Big companies are quickly developing and placing on the market intelligent systems applications to assist clinicians in their daily tasks. Nevertheless, research institutions can provide relevant contributions in this still-open field of research. In particular, INFN can take advantage of its unique expertise in big data handling inherited for high-energy physics experiments and to the availability of extremely powerful computing centres mainly built to store and process those data. More importantly, a network of fruitful interactions between INFN Physicists and Clinicians of several Italian hospitals and clinical research centers has been built in the last two decades, thanks also to specific research initiatives funded by INFN-CSN5.
The Artificial Intelligence in Medicine (AIM) project aims to exploit the expertise of INFN and associated researchers on medical data processing and enhancement, and turn it in the development of advanced and effective analysis instruments to be eventually clinically validated and translated into products.
INFN Section of Catania is working on predictive models for transcranial neurosurgery through focused ultrasounds guided by magnetic resonance (tc-MRgFUS).

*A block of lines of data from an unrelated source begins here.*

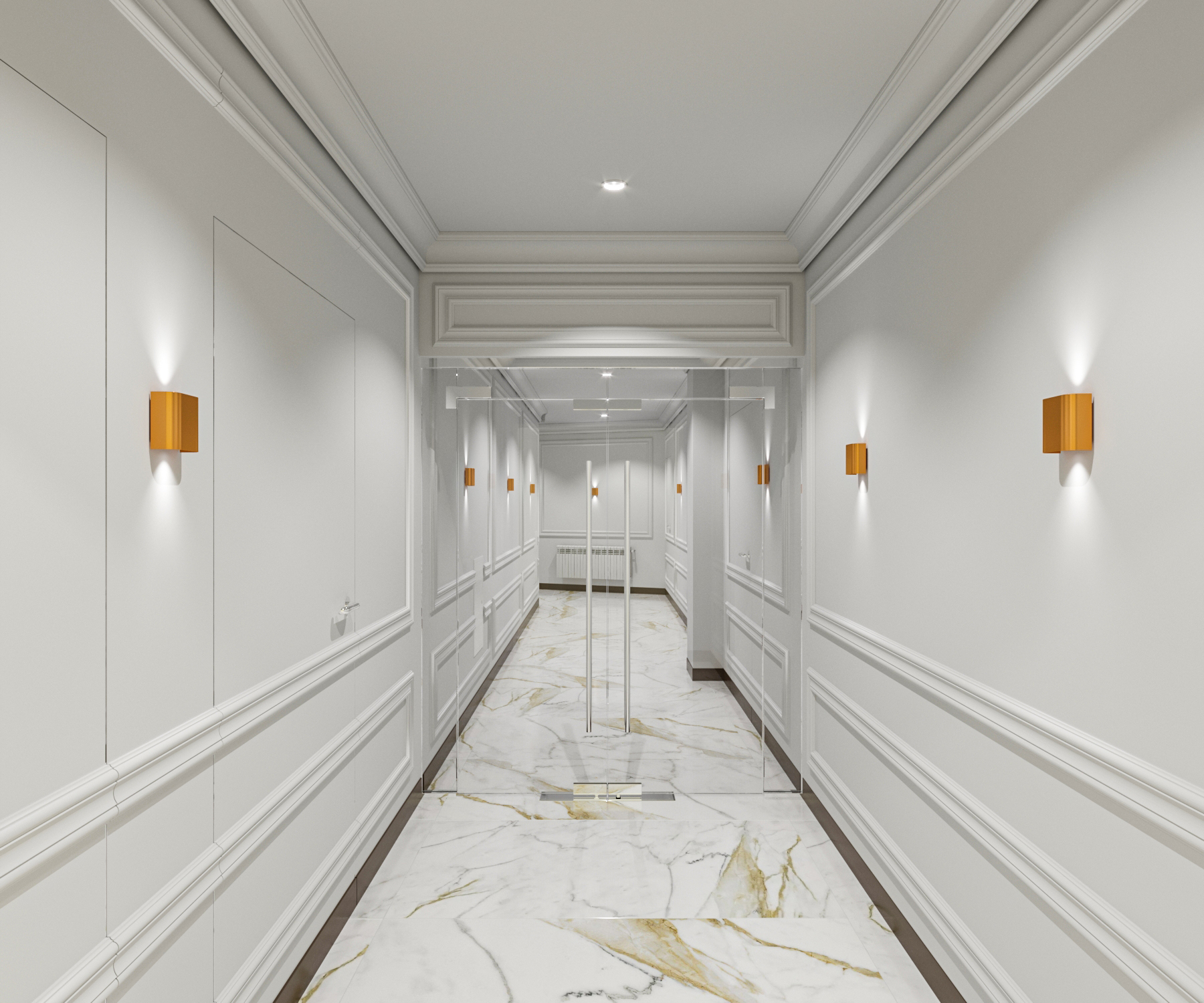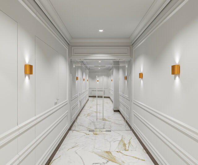 Характерными особенностями дизайн-проекта являются: просторные и светлые помещения, использование природных материалов, декоративный модульный потолок в переговорной из натурального дерева, простая форма мебели, наличие зеркал, стекол, латунных вставок, изящные акценты (хрустальная люстра в современном стиле). Для декорирования стен используются молдинги и деревянные панели. Пол выполнен из мрамора. Стиль интерьера — современная классика.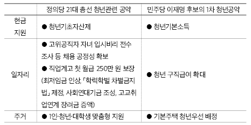 아래의 표는 2020년 21대 총선에서 정의당이 제시한 청년 공약과 민주당 이재명 예비후보가 2021년 8월 5일 발표한 1차 청년공약을 비교한 것이다. (정의당의 청년 공약은 문재인 정부의 청년정책 기본계획 발표 이전에 제시된 것인데, 일부는 문재인 정부의 정책에도 반영되었다.) 언뜻 보기에는 두 정당의 공약이 조금씩 달라 보일 수 있겠지만, 조금만 살펴본다면 많은 부분에서 일치한다는 점을 알 수 있다.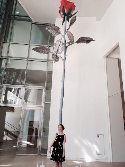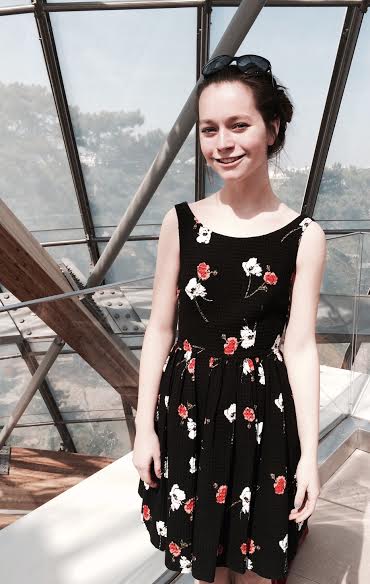 Of course, going to the Louis Vuitton Foundation, I could not resist but wear the brand. I am wearing one of the more iconic looks in a red embossed design, one that pops in color but registers with an evocative sense of old craftsmanship. Worked around the purse, I am wearing a Kate Moss for Topshop dress that pulls the red of the purse into the flowers of the dress. This dress is cut to the Parisian taste, very femininely done, but in black giving it an allure of modernity.

The study concerns patients with medication refractory ET. The use of advanced magnetic resonance (MR) techniques (such as diffusion weighted imaging as well as function MRI) will allows for a further improvement of the therapy and a thorough quantitative evaluation of the effects of the treatment with Trans-cranial MRgFUS. In the first step of the activity intends to create a common database collecting images and clinical data of medication refractory ET patient in collaboration with the Azienda Ospedaliera Universitaria Policlinico of Palermo. These data will be analyzed with ad-hocdeveloped softwares for the selection of the most important features as well as for a faster spatial localization of the target in the thalamus (to speed treatment procedure). We propose to employ classifiers to predict predict the overall tcMRgFUS treatment response, patient-specific effectiveness and side-effects.